Gartner expects the number of internet connected devices to reach 26 billion by the year 2020. If Apple is first, and dominant, in getting product makers onboard, that’s a lucrative business to get into, since it could give the company additional licensing revenues from certified products.

Beyond that, Apple’s home automation system could eventually involve iCloud and Siri for a) a unified place for storing data and b) a way to easily control the disparate pieces of this home automation system. But this would likely be more of a Version 2.0 or Version 3.0 addition, not what we’ll see on Monday.

Other iOS 8 Updates

Streaming music could be another focus at WWDC, particularly now that the Apple-Beats deal has officially closed. At last year’s WWDC, Apple introduced iTunes Radio, a streaming music service akin to Pandora that builds a station around a song or artist. But it hasn’t been the success Apple hoped for. That means it could be getting its own standalone app in order to draw more eyes. The service could also benefit from the Beats acquisition—but it’s more likely any integration with Beats software and development would happen further down the line.

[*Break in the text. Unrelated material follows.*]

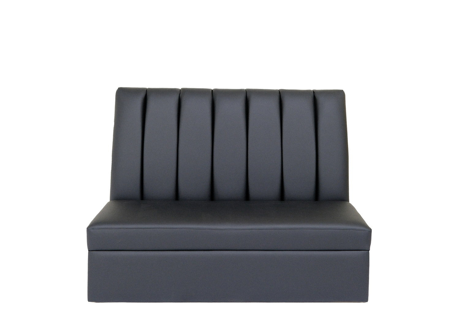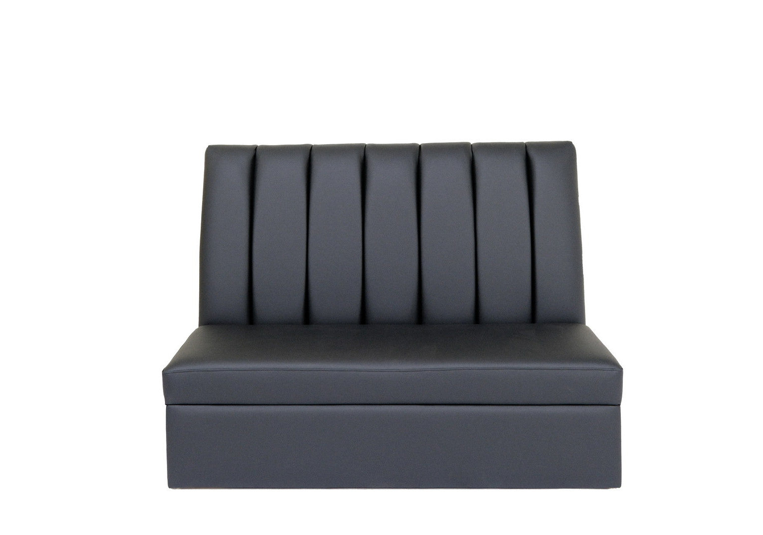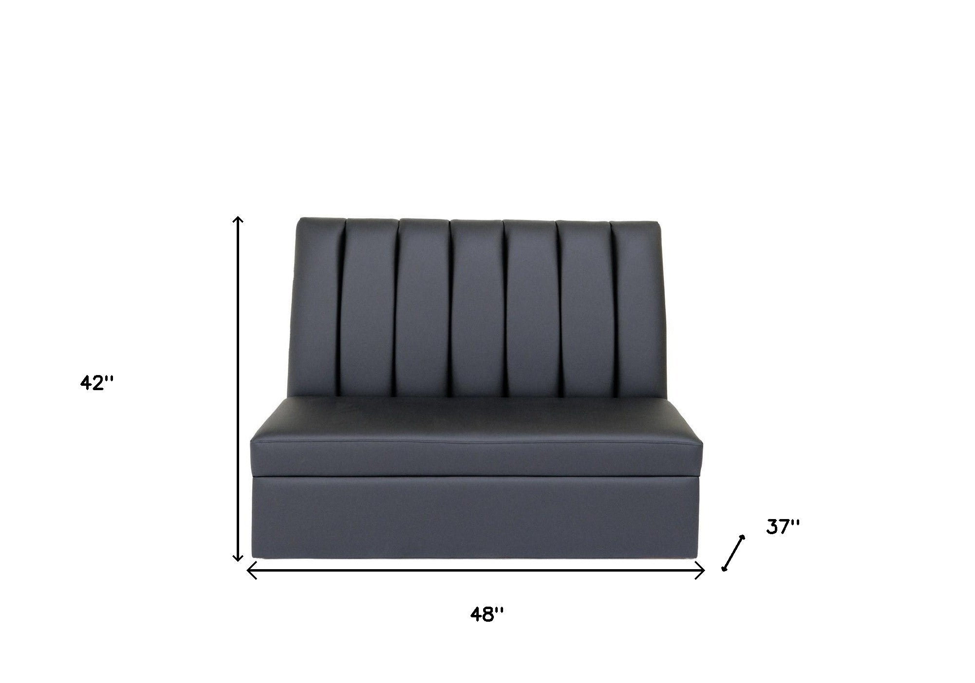 - Modern, armless, booth style faux leather loveseat with vertical channel stitched back.

Maps, which turned into a huge debacle following the launch of iOS 6, should also experience some significant upgrades with iOS 8. While it’s already improved handily over the past two years, public transit information and directions should be one of its major improvements, as well as improved labeling and map data. I personally hope to see biking directions added, as well.

Mac OS X 10.10

OS X 10.10 will be the primary focus of Monday’s keynote as the desktop operating system gets a major design overhaul—much like iOS did in 2013. Indeed, the redesign should bring some iOS 7 aesthetics, like more white space and icons reminiscent of their iOS counterparts. The two operating systems won’t be identical, but they will reportedly have a more harmonious look. While Apple will most definitely preview OS X 10.10 at WWDC, the OS won’t be available for the masses until later this fall.

Apple switched the naming scheme of OS X from big cats to California landmarks last year with 10.9 Mavericks. This version’s name (codename “Syrah”), however, is still a mystery. Apple has trademarked names like Big Sur, Yosemite, California, Redwood, Diablo, and Pacific, among others. This is going to be a big update, so I’m guessing the name will also reflect that. Apple pundit John Gruber thinks Yosemite would be an appropriate choice. I think Big Sur or Redwood would also be good options.

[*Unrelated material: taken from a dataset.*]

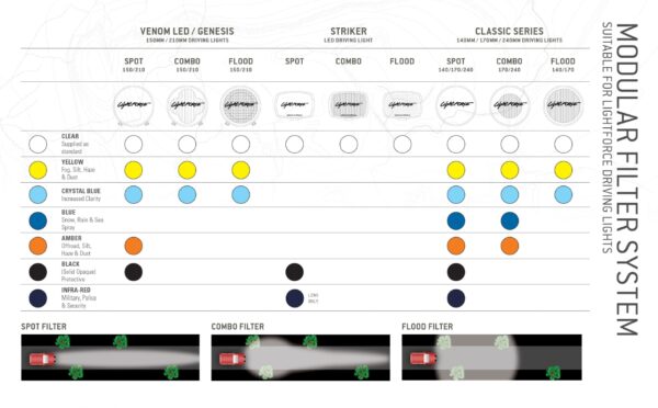 Genuine Lightforce Polycarbonate filters for Genesis 8″, Venom 6″ & Striker 4″x6″ LED Auxiliary Driving Lamps. Available in Clear, Yellow, Black and Crystal Blue. Available Beam patterns are spot, flood and combo. Refer to filter photometric chart in photo gallery for more info. Sold individually. Minimum order is two. Select filter size and colour/beam pattern options from the drop down menu below.

Will we see any remarkable new hardware at this year’s show? When it comes to the iPhone, iPad, and a potential wearable, that’s a definite no. There are hints of a new iMac model, so it’s possible Apple could introduce an evolutionary upgrade to its desktop computer line. A redesigned Apple TV, which we’ve been hearing about for months, likely will not be unveiled Monday (although we hope Apple will give developers greater access to Apple TV APIs). And a new television set? Hahaha, don’t be ridiculous.

The Beats

While Apple went ahead and made its Beats acquisition official this week, there could be more Beats-related news at the WWDC keynote. For example, CEO Tim Cook could bring Beats heads Dr. Dre and Jimmy Iovine onstage to announce their addition to Apple’s executive team. If Apple did this, I would expect it at the end of the keynote, possibly prior to a musical performance. Apple could also simply mention the Beats acquisition in passing as it highlights notable milestones for the company at the beginning of the keynote. Given the tall order of news and updates we’re expecting for WWDC, the latter may be a more reasonable expectation.